I have been pondering this all day.
So, I have an 3D-array, X1, of size 48 x 232 x 61. Y1 is a row vector of size 1 x 232. Each row of X1 corresponds with Y1. I want to interpolate between each row of X1 and Y1 without using any loops. The output is a 48 x 21 x 61 array, Y2_array. With loops, my code is as follows:
% make Y1 array for interpolation
logz = log(10e-8):.10:log(1080);
Y1 = d + exp(logz); % This is the 1 x 232 vector.
Y2 = ones(48,21); % Preallocating Y2 2D-array (size = 48 x 21).

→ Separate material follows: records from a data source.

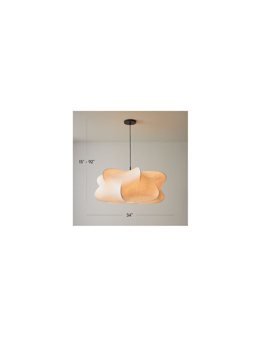 - Dimensions totales : 34" de diamètre x 15"–92" de hauteur/86 cm de diamètre x 38–234 cm de hauteur.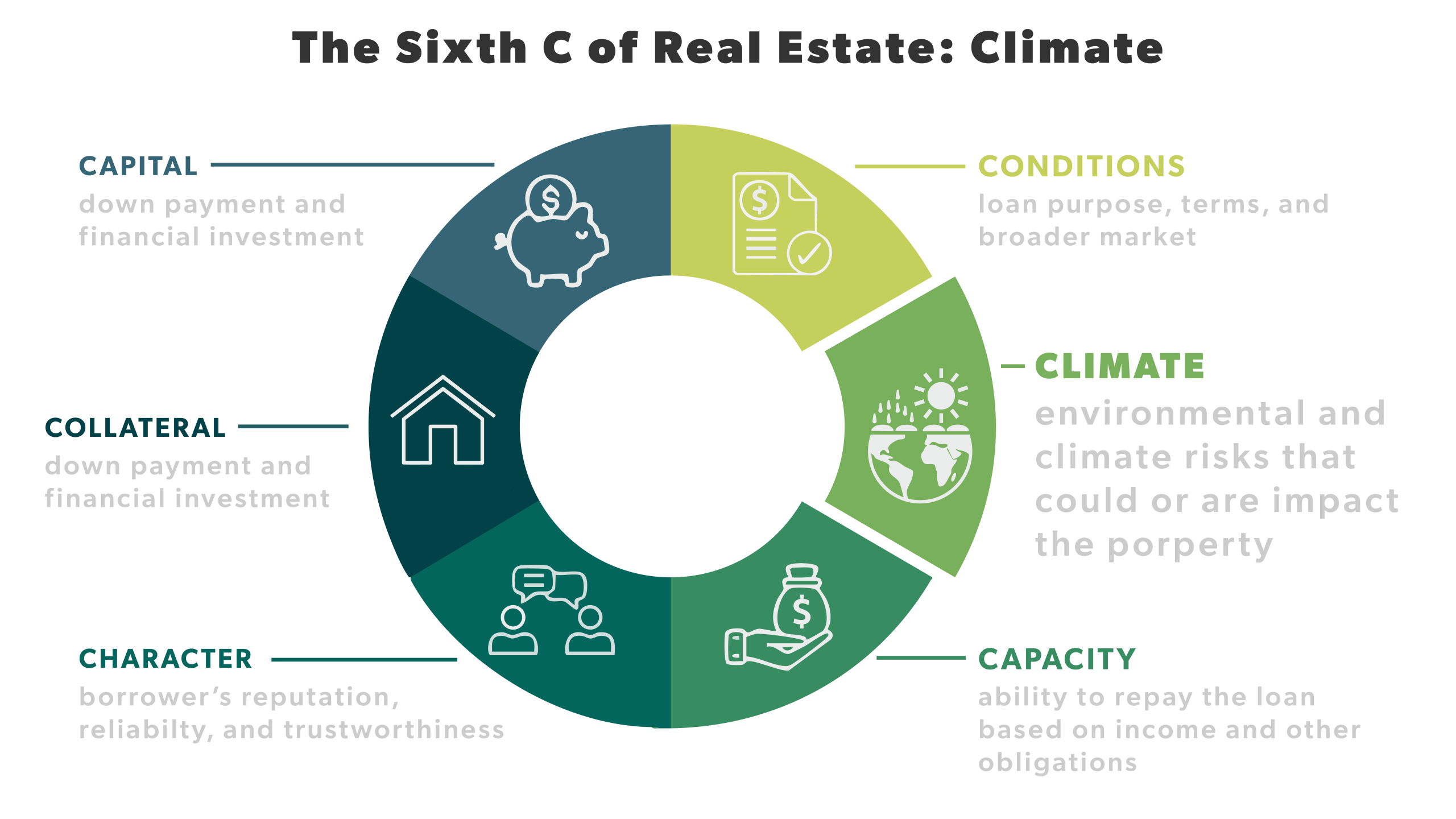 Traditionellt har banker tittat på fem “C:n” vid kreditprövning vilket såklart blir särskilt roligt vid en översättning till Karaktär, Kapacitet, Kapital, Säkerhet och Villkor. Nu menar klimatforskare att det är dags att lägga till ett sjätte: Climate.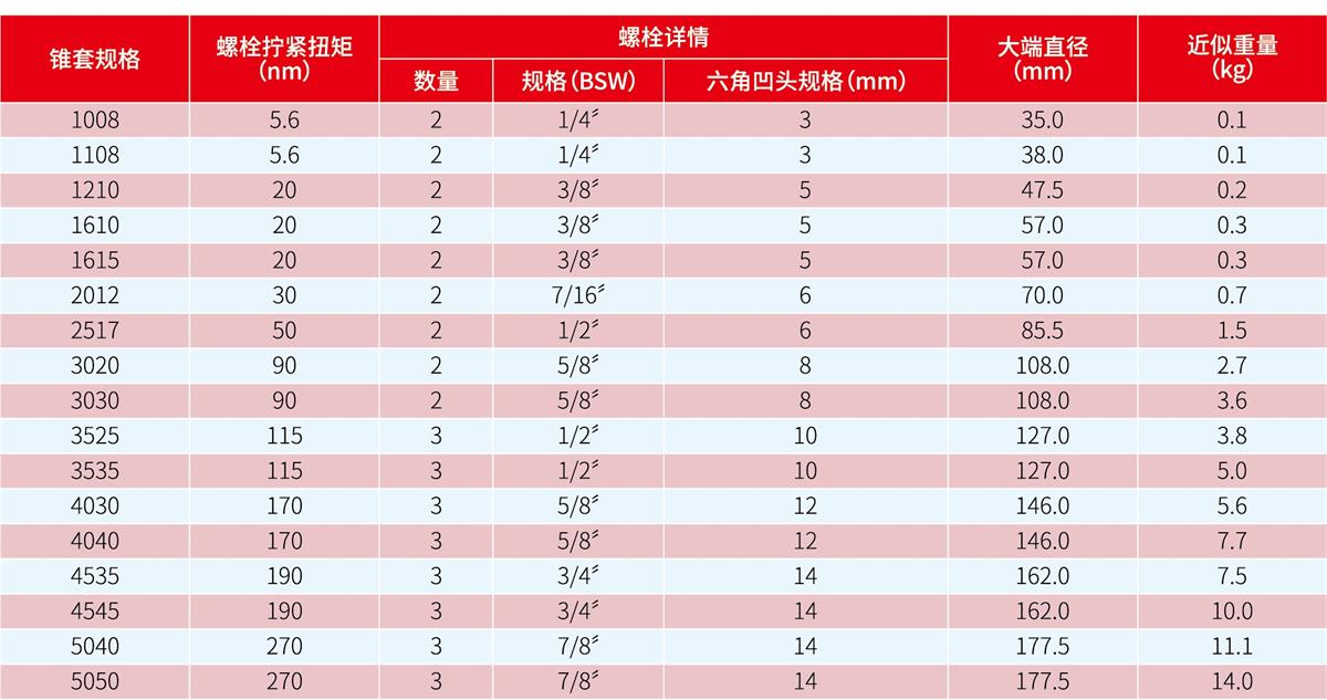 錐套美標(biāo)孔徑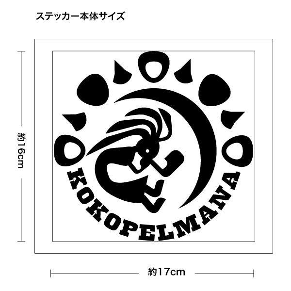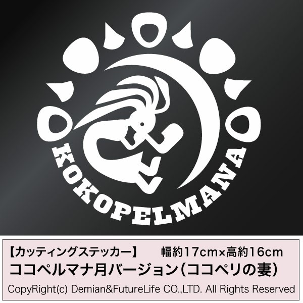 大人気のココペルマナ(KOKOPELMANA )がカッティングステッカーで登場!シートの材質は屋外看板用に使用されている耐光性・耐水性に優れた業務看板用シート(屋外耐候5〜7年程)ですので、屋外でも車の窓の外側から貼付けでも大丈夫です。シートを切り抜いてアプリケーションシート(台紙)を付けて、すぐに貼れる状態で発送致します。万一貼付けに失敗しても安心の2枚組♪【商品仕様】■サイズ:幅約17cm×高約16cm ■素材:屋外看板用シート、和紙アプリケーションシート ■簡単な貼り方の説明書 ■製作:日本【注意事項】※シート切り抜き作業等、1枚ずつハンドメイド品である事ご了承下さい。

Y2_array = ones(48,21,61); % Preallocating Y2 3D-array (size = 48 x 21 x 61)
% Interpolation
for S = 1:61
for T = 1:48
X1_row = X1(T,:,S);
Y2 = interp1(X1_row, Y1, X2(T,:,S));
% X2 is a 3D-array, size (48 x 21 x 61)
Y2_array(T,:,S) = Y2;
end
end
If I make the inputs of interp1 arrays, Matlab gives me the error message that X and Y need to be vectors.
I know there is a solution to this problem... any suggestion/thoughts about how to execute the interpolation without using loops?
Thanks!!
  2 comentarios
Jan
Jan el 23 de Jul. de 2012
What exactly is the problem? As far as I understand your loop method runs successfully. Do you want to run it faster? If so, avoiding the slow INTERP1 is the first thing I'd suggest.
Angela
Angela el 23 de Jul. de 2012
Yeah, I am just trying to make it faster.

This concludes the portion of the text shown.